I suspect that they will leave it alone. Manufacturers that do not include
riving knives probably are not being bothered.
Most employers carry workman's comp for this same reason. The workman's
comp protects a company from these claims. I doubt that they will be found
negligent unless the government eventually requires a similar safety device
be used and it is not used.
Higher yes but I suspect that you get a much better saw in the long run.
The $600 TS with a 20% mark up is now the $720 TS with a more robust trunion
and arbor.

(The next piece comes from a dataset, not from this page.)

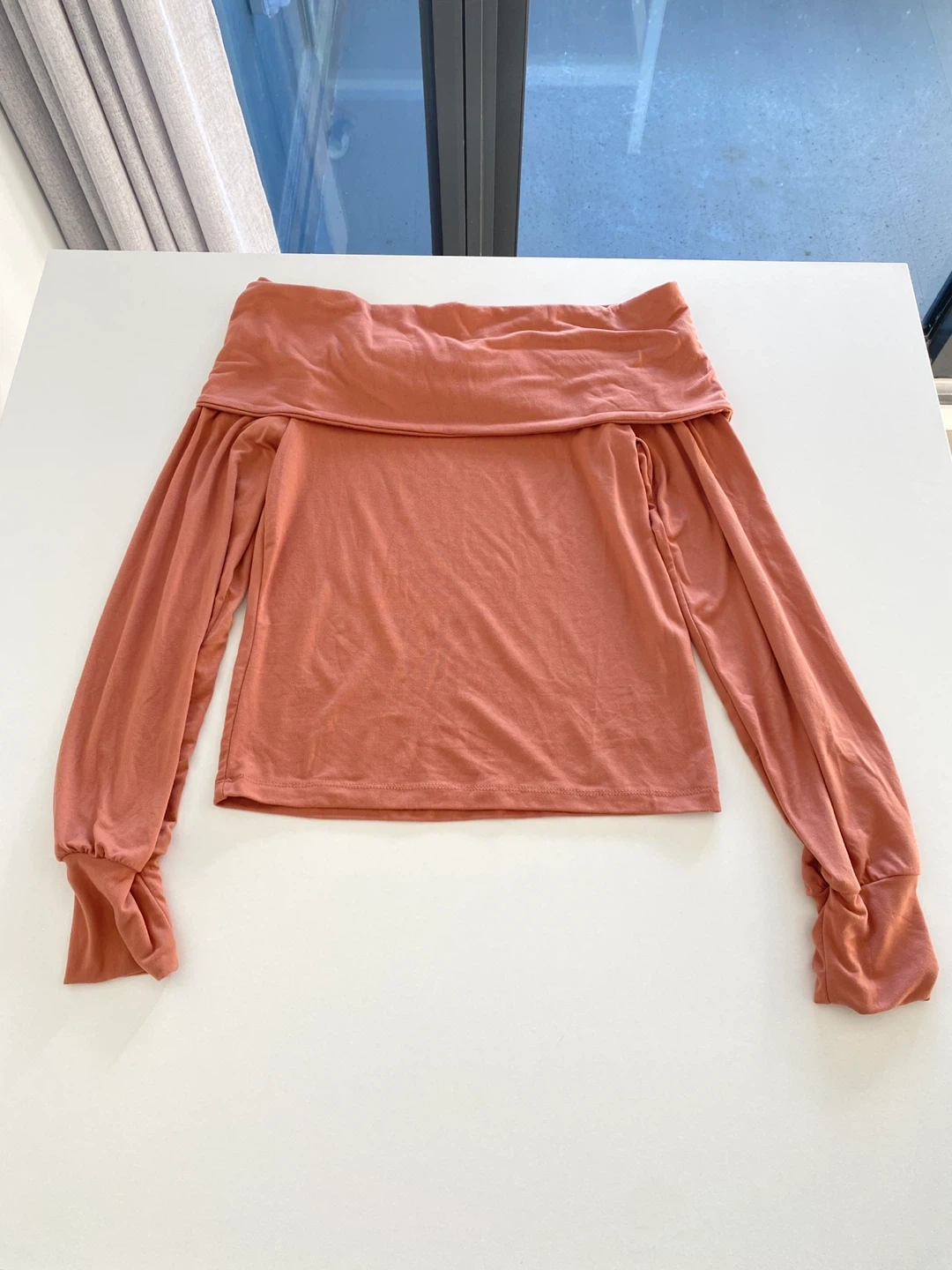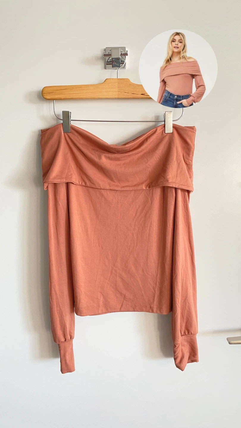 218A stylish off-the-shoulder long sleeve top in a lovely dusty coral colour! Fabric is soft like butter! It's perfect for dressing up or down and would be a great addition to your wardrobe. It's in great condition and ready for a new home Size small ❤️ Check out my other listings for great deals!

It would have to be built better to withstand the shock of
stopping the blade.
Given that however, I think the cost may be higher depending on what grade
you buy or sell. IIRC SawStop said that it adds some where in the $250
range to the actual cost of a saw. Retrofitting if possible would be much
more expensive. A $1000 saw would go for $1350 including the 8% royalty.
A $2000 saw would be slightly better at $2430 including the 8%. That's now.
If every one added the feature I suspect that prices would settle back down
to what they are now or the equivalent considering current dollar value
after the competition becomes competitive.
If you wait 5 years the saws will likely go up 20% in price anyway without
improvements. I paid $1300 for my Jet cabinet saw 7 years ago. I bet I
would have to pay more than 25% extra today.
As a side note, because the government no longer regulates electricity
prices in Houston and much of Texas I now pay 50% more for electricity this
year than I did last year. I get no added benefits. At least with the
increase in price of the TS you get some added benefit. ;~)
A bit farther OT but maybe something you might want to consider since all of
us buy electricity. For years the local electric company said to raise you
thermostat in the summer and lower it in the winter to save electricity.
That certainly does make sense. Because I work out side in the garage I
would set my thermostat on 86 degrees during the day and 78 in the evening.
86 degrees feels good compared to 95 outside so I tolerated it.
Starting in April this year I started setting my thermostat on 82 during the
day and left the 78 alone for the evenings.
From mid April till now compared to the same period last summer I have used
26 less kilowatt hours electricity.
A neighbor who owns an AC business told me that the more often a compressor
cycles and shorter the cycle period of an AC compressor the more efficient
it becomes. My AC is now 11 years old and has used less electricity this
summer than it has since 2000 and my house is 4 degrees cooler during the
day. No refrigerant has been added since it was installed 11 years ago.